For a moment, the office was filled with the sound of breathing, boots shifting, paper rustling faintly under the pinned knife. Sico took a deep breath, let it out slowly, and allowed himself to meet their eyes again, one by one.

"This isn't going to be easy," he said, his voice quieter now, but carrying no less weight. "Fifty Super Mutants and twenty hounds is more than most settlements could even dream of facing down. But we aren't most settlements. We've fought too hard to build this place, to carve out a home from the ashes. If we back down now, if we let them mass and march, then everything we've built will burn. Our families, our people—they're counting on us to stand.
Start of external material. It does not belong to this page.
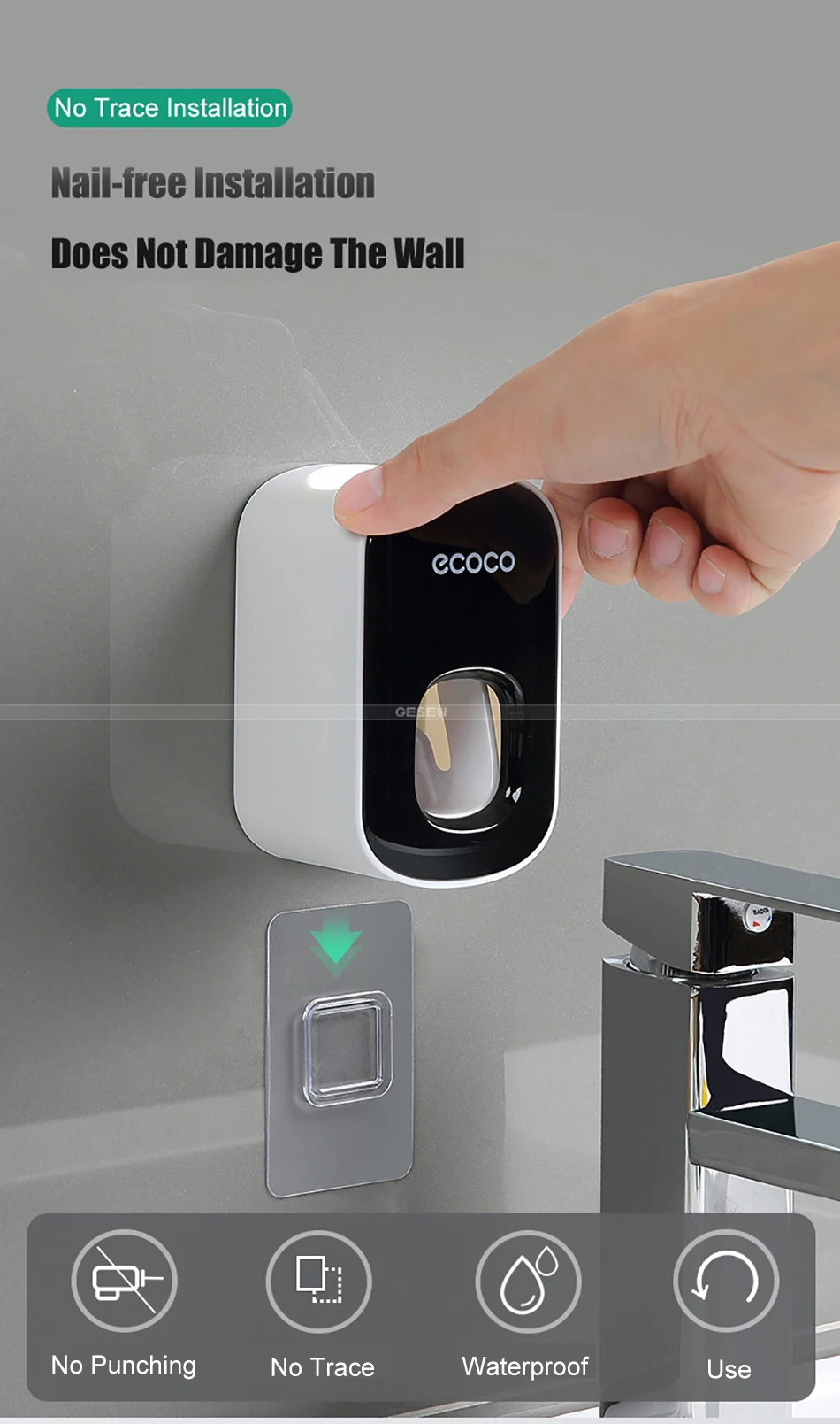 Автоматический Дозатор зубной пасты GESEW, пылезащитный прибор для зубная паста для ленивых, настенное крепление, для туалета, дома, ванной комнаты

And we will."

Sarah's chin lifted. "Damn right we will."

Preston gave a solemn nod. "You've got my word."

Robert adjusted his grip on his pistol, his eyes calm but resolute. "Then we'll bleed them in the shadows before they even know we're there."

MacCready shrugged, but the glint in his eyes was fierce. "Guess it's time to earn our pay again."

Piper, who had been silent until now, lowered her notepad slowly. Her voice, when it came, was softer, more tentative than the rest. "And what happens if… if it doesn't work? If they're too strong?"

The room stilled for a moment.

Sico looked at her, and though his face was hard, his voice carried something gentler. "Then we fight anyway. Because the only other option is to let them come to us on their terms. And I won't let that happen."

Piper swallowed, nodded once, and scribbled something quick on the page before her.

Sico straightened then, pulling the knife free from the map and folding the report shut with finality. The meeting wasn't over—far from it—but the orders had been given, the course set. He could see it in their faces, the mix of fear and determination, the quiet fire that burned in each of them.

"Preston, Sarah—you've got work to do. Robert, MacCready, you'll brief your Commandos before dusk. Piper…" His eyes softened for just a fraction. "Keep this quiet for now. The people don't need fear. They need strength. Once we have a plan, once we move, then you tell the story. Not before."

Piper's lips pressed into a thin line, but she nodded. "Understood."

Sico leaned over the desk once more, his hands braced against the wood, his voice a final iron command. "Go. Make ready. Tonight we start bleeding them, and soon after… we wipe them out."

The group broke, each moving with purpose now, the weight of orders propelling them into motion. The office emptied one by one, until only Sico remained, the map spread before him like the battlefield it was.

________________________________________________

• Name: Sico

• Stats :

S: 8,44

P: 7,44

E: 8,44

C: 8,44

I: 9,44

A: 7,45

L: 7

• Skills: advance Mechanic, Science, and Shooting skills, intermediate Medical, Hand to Hand Combat, Lockpicking, Hacking, Persuasion, and Drawing Skills

• Inventory: 53.280 caps, 10mm Pistol, 1500 10mm rounds, 22 mole rats meat, 17 mole rats teeth, 1 fragmentation grenade, 6 stimpak, 1 rad x, 6 fusion core, computer blueprint, modern TV blueprint, camera recorder blueprint, 1 set of combat armor, Automatic Assault Rifle, 1.500 5.56mm rounds, power armor T51 blueprint, Electric Motorcycle blueprint, T-45 power armor, Minigun, 1.000 5mm rounds, Cryolator, 200 cryo cell, Machine Gun Turret Mk1 blueprint, electric car blueprint, Kellogg gun, Righteous Authority, Ashmaker, Furious Power Fist, Full set combat armor blueprint, M240 7.62mm machine guns blueprint, Automatic Assault Rifle blueprint, and Humvee blueprint.